- [GOAL OF THE EXERCISE]
After locating the line with "Nordic deer head" in the entries below, output it and each following line up to and including the line with "XX縣供銷合作社關(guān", exactly and without pictures.

- [INPUT FOR THIS TASK]
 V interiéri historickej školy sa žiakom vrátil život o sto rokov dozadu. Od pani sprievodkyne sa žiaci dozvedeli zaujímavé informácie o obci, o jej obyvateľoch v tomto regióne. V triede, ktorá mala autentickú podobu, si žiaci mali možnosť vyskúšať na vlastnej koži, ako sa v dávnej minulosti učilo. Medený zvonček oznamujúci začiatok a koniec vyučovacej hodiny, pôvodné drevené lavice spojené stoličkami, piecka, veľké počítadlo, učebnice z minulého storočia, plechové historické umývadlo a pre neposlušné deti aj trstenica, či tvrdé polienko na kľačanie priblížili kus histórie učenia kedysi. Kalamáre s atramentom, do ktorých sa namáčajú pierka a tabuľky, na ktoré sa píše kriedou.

--

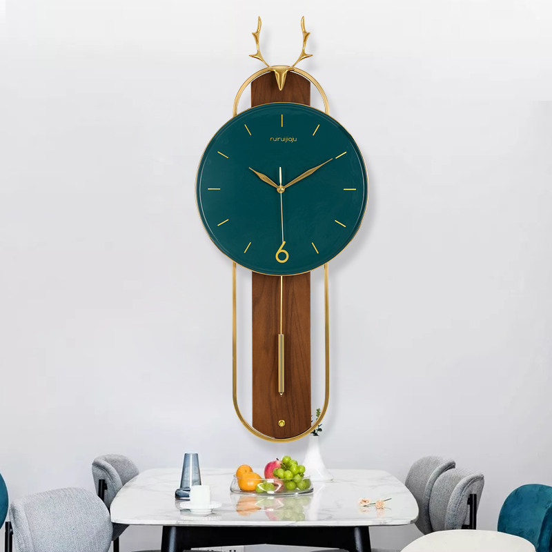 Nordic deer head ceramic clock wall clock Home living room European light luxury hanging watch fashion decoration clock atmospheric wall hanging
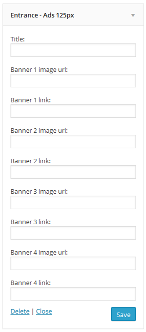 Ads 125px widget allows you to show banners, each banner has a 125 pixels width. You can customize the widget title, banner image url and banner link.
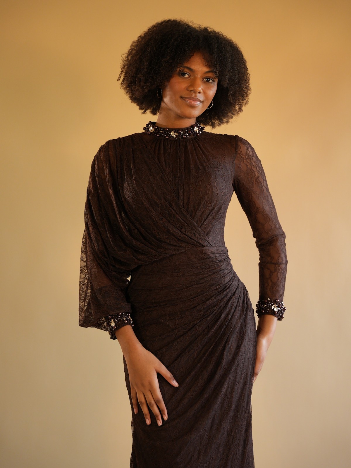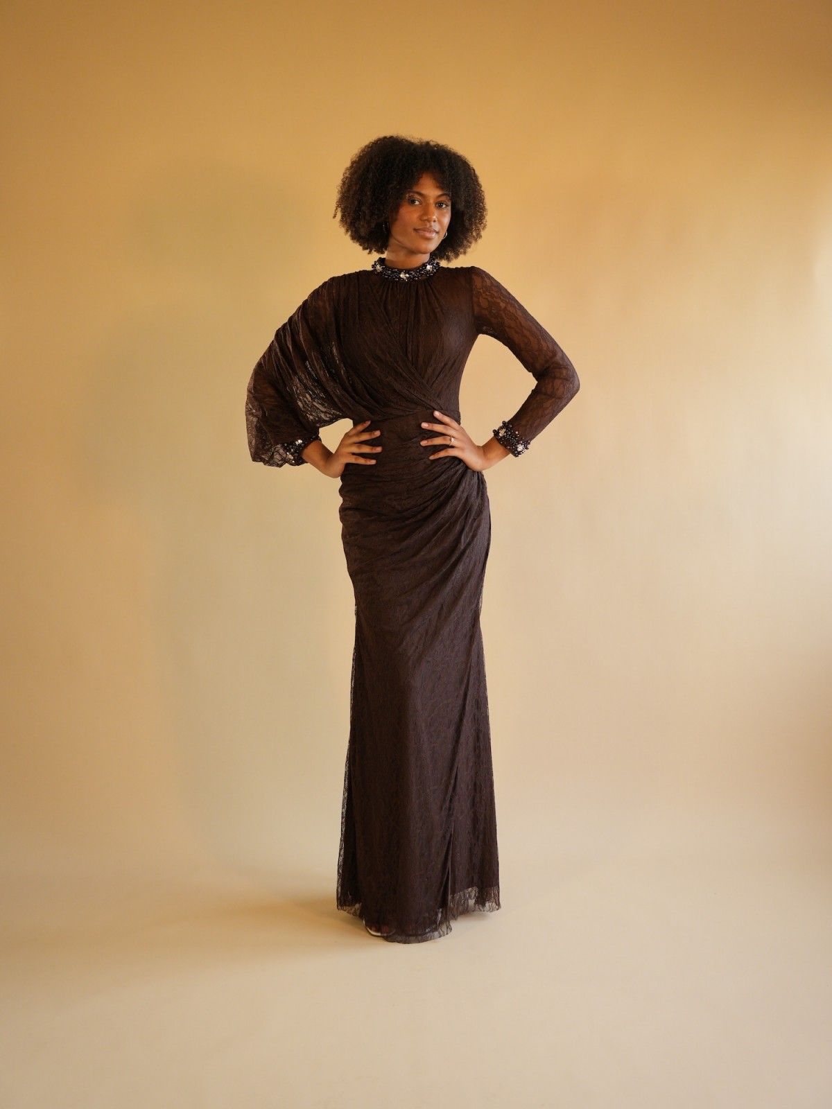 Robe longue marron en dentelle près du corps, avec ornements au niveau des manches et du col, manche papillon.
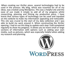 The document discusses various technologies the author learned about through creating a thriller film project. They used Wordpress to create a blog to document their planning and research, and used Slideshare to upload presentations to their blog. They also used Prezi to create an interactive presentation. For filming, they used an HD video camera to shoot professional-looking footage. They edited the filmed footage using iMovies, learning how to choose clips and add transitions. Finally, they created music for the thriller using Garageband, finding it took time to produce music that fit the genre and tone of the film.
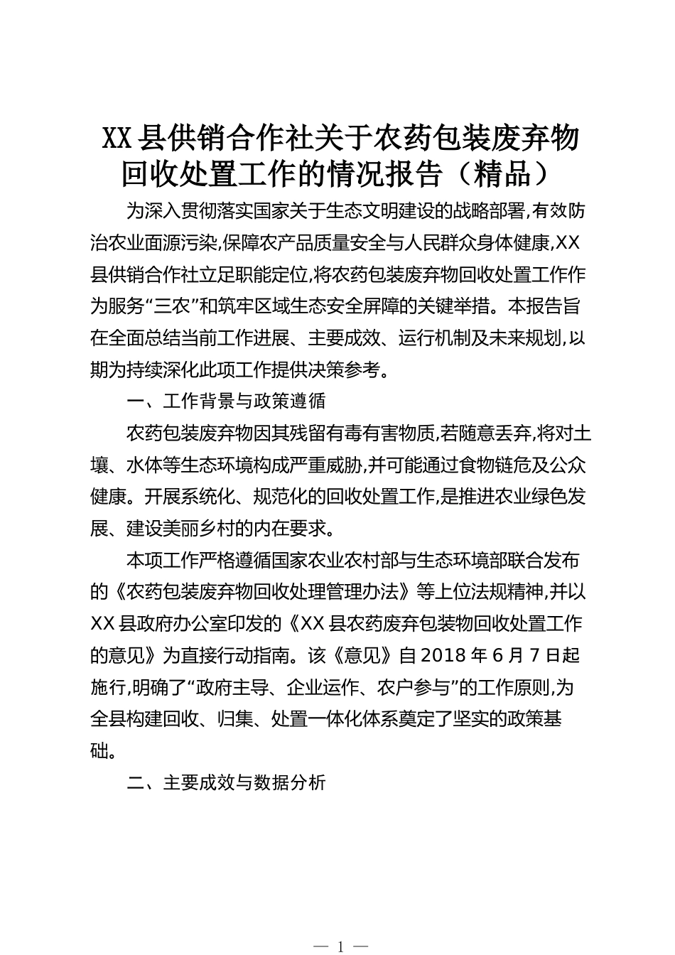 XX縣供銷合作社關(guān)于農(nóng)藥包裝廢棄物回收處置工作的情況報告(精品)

- [ANSWER SPACE]
 Nordic deer head ceramic clock wall clock Home living room European light luxury hanging watch fashion decoration clock atmospheric wall hanging
 Ads 125px widget allows you to show banners, each banner has a 125 pixels width. You can customize the widget title, banner image url and banner link.
 Robe longue marron en dentelle près du corps, avec ornements au niveau des manches et du col, manche papillon.
 The document discusses various technologies the author learned about through creating a thriller film project. They used Wordpress to create a blog to document their planning and research, and used Slideshare to upload presentations to their blog. They also used Prezi to create an interactive presentation. For filming, they used an HD video camera to shoot professional-looking footage. They edited the filmed footage using iMovies, learning how to choose clips and add transitions. Finally, they created music for the thriller using Garageband, finding it took time to produce music that fit the genre and tone of the film.
 XX縣供銷合作社關(guān)于農(nóng)藥包裝廢棄物回收處置工作的情況報告(精品)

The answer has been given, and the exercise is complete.